C-reactive protein (CRP) is an acute-phase protein secreted by the liver in response to inflammation. It is not specific for infection but is a marker used for the diagnosis of many inflammatory, infective and malignant conditions (Wiwanitkit, 2005). High-sensitivity C- reactive protein (hsCRP) has been gaining recognition as an independent risk factor for cardiovascular disease. In particular, increased level of hsCRP, have been associated with increased stroke risk as well as an increased rate of atherosclerosis progression in the carotid vessels (Ridker and Silvertown, 2008). Evidence supporting a link between periodontal disease and cardiovascular disease is accumulating in the literature. Recent studies have also shown that pre-eclamptic women present a high prevalence of periodontitis, suggesting that active periodontal disease may play a role in the pathogenesis of pre-eclampsia (Vergnes, 2008).

Methodology

Study groups: Blood samples were collected prospectively from normal pregnant controls (n= 21), women presenting with threatened miscarriage (TM) (n= 45) and women presenting with a missed-miscarriage (n= 21). In addition, non pregnant controls (20-35 years) were recruited from the same population during the same period of time. Demographic data of the different groups are summarized in table 1. Detailed pregnancy outcome was obtained for the TM group and normal antenatal controls. Multiple pregnancies and women who were not contactable to follow their outcome were excluded from the investigation.

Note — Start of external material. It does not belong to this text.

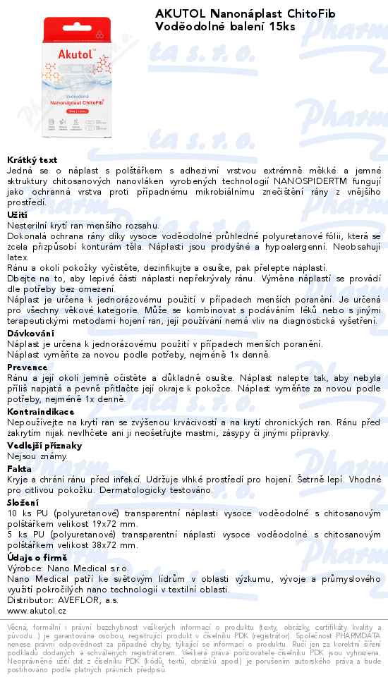 AKUTOL Nanonáplast ChitoFib Voděodolné balení 15ks

All pregnant women were recruited from the University College London hospital (UCLH) and the non pregnant controls samples were obtained from UCL staff and students. This study was approved by UCLH ethics committee. All women gave informed written consent to participate in the study. Demographic data including ethnicity, age and BMI from all women were collected. Age and BMI were similar in all groups. All blood samples were taken between 6-14 weeks in gestation.

hsCRP were measured in serum using a highly sensitive assay kit from assays design (Cambridge bioscience, UK). The detection limit of hsCRP was 600mg/ml respectively.

Statistical Analysis: Data were not normally distributed. We carried out non parametric general linear model analysis of variance weighted for gestation at sampling using Dunnett's T3 posthoc tests were carried out to investigate differences between groups. Partial correlation was carried out to study the relationship between the parameters controlling for gestation. Data are presented as mean and standard deviation (SD) and P values were considered significant at P<0.05.

Results The TM group included 26 women who subsequently had a live birth and 19 who subsequently had a miscarriage.

The MShSCRP levels were significantly (P<0.05) lower in TM subgroup with a subsequent miscarriage compared to normal control pregnant women (~4 fold) and TM patients with a subsequent live birth (~3 fold). Significantly (P<0.05) lower mean level of MShsCRP were found in the missed-miscarriage group compared to pregnant normal control women (~4 fold) (figure 6).

EXAMPLE 3

The assays of example 1 were repeated for soluble FLT-1 and PIGF, with greater subject numbers. The results are shown in figures 7a to d.